FIGS. 2A-2D illustrates a self-inflating cuff, in accordance with some implementations.

FIG. 3 is flowcharts illustrating a method 300 of accelerating a flow of fluid from a container, in accordance with some implementations.

FIG. 4 is a conceptual diagram illustrating an example electronic system for controlling a pump, according to aspects of the subject technology.

In accordance with common practice, the various features illustrated in the drawings are not drawn to scale. Accordingly, the dimensions of the various features may be arbitrarily expanded or reduced for clarity. In addition, some of the drawings may not depict all of the components of a given system, method, or device. Finally, like reference numerals denote like features throughout the specification and figures.

DETAILED DESCRIPTION

Numerous details are described herein in order to provide a thorough understanding of the example implementations illustrated in the accompanying drawings. However, some implementations may be practiced without many of the specific details, and the scope of the claims is only limited by those features and aspects specifically recited in the claims. Furthermore, well-known processes, components, and materials have not been described in exhaustive detail so as to avoid obscuring pertinent aspects of the implementations described herein.

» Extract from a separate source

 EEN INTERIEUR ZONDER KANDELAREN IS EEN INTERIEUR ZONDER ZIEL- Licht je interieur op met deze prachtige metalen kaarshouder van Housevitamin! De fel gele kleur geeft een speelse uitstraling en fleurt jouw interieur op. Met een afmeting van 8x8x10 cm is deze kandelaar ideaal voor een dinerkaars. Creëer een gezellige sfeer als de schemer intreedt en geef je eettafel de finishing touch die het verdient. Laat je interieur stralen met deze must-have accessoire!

The disclosed self-inflating cuff is configured to receive an IV bag and accelerate a medical fluid from the IV bag to a patient for treatment. In particular, the self-inflating cuff is configured to self-expand responsive to a force applied to a body of the self-inflating cuff. After the force is removed from the body of the self-inflating cuff and the body of the self-inflating stretches to an expanded state. In some implementations, the self-inflating cuff self-expands due to a chemical reaction caused by at least two substances housed within the self-inflating cuff that are caused to mix in response to the force applied to the self-inflating cuff. The self-inflating cuff is further configured to receive the IV bag and self-contract compressing the IV bag and accelerating a flow of fluid from the IV bag to a patient.

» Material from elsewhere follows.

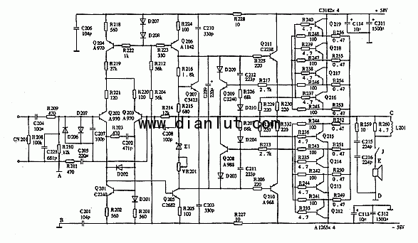 上面说的雅马哈EMX2300功放维修时就是采用上述方法第一步通电试机时,发现中点C、D间电压偏高,且推动管Q210、Q211发热冒烟。立即停机,对电路元件反复进行检测、对比,均未发现损坏变质元件。后来对照原理图仔细核对电路,发现差分输入级Q202的基极上偏流对地电阻R210未与地线直接相接,而是通过插头座与调音台地线相连,再与电源的地端构成回路。而在通电试机时,为了方便,未与调音台相连,致使差分放大级Q202失去偏置电压,差分放大器失去平衡,经直接耦合,造成输出端中点(C、D间)电压偏高,烧毁互补大功率对管Q212~Q219。直接将R210接地线A与功放地线B相连,并对可能假焊虚接的与调音台相连的插座进行补焊后,再按照第一步通电试机,中点电压恢复0V,且调节输入端电压中点电压稳定。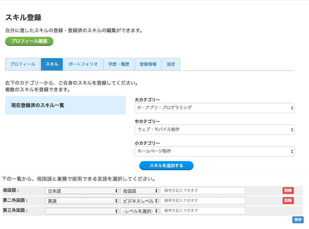 ・「プロフィール」ボタンをクリックし「スキル登録」画面に行ってください。

FIG. 1 illustrates an IV pump administering a medical fluid to a patient. The IV pump 30 includes a controller 32 and one or more pump modules 34. An IV set 20 is connected between a container 36 (e.g., an IV bag) of the medical fluid and the patient 5. During operation, IV pump 30 delivers the medical fluid to the patient 5. The IV pump 30 is configured to administer the medical fluid to the patient at a predetermined and uniform rate. When an IV pump 30 is unavailable or otherwise out of service, the medical fluid can be distributed to the patient 5 by applying a force to the container 36 (e.g., squeezing the container 36). In some implementations, a self-inflating cuff 200 (FIGS. 2A-2D) is used to administer the medical fluid to the patient 5 in place of the IV pump 30, as discussed below.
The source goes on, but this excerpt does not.